- Task brief
Starting at the line that contains "Набор спичечных этикеток.", write out each line exactly through the last one in the material below, and nothing more; omit all pictures.

- Raw data

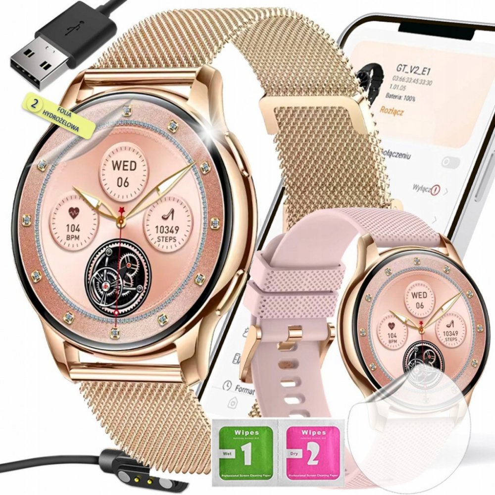 - barva: zlatá ( obálka ) zlatá ( ocelový náramek MESH ) růžová ( silikónový pásek )
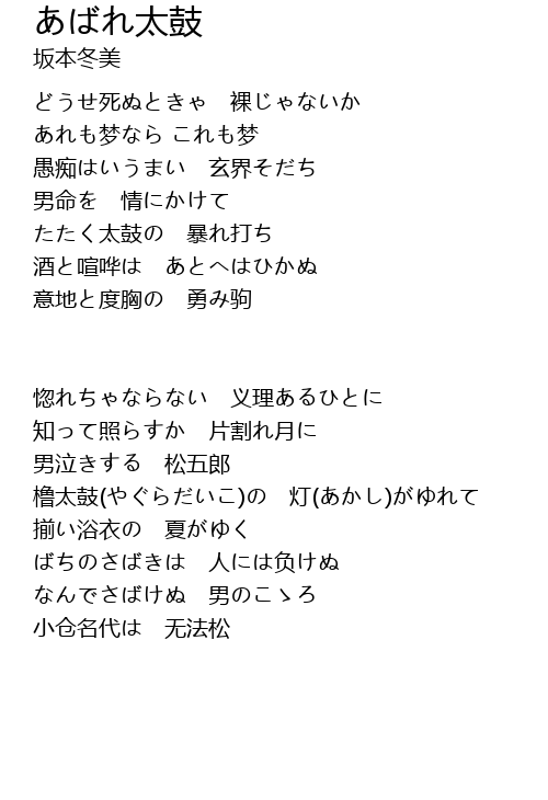 | 橹太鼓(やぐらだいこ)の 灯(あかし)がゆれて | |
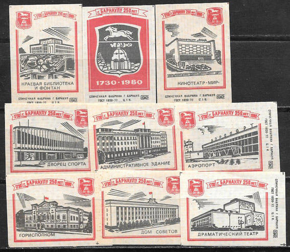 Набор спичечных этикеток. Барнаулу-250 лет. 9 шт. 1980 год
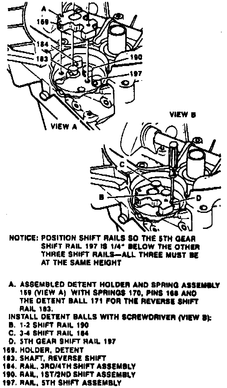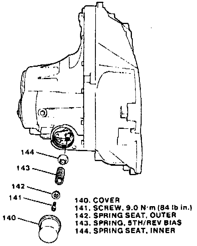 1. Install inner spring seat (144), then the fifth/reverse bias spring (143).

- Result
 Набор спичечных этикеток. Барнаулу-250 лет. 9 шт. 1980 год
 1. Install inner spring seat (144), then the fifth/reverse bias spring (143).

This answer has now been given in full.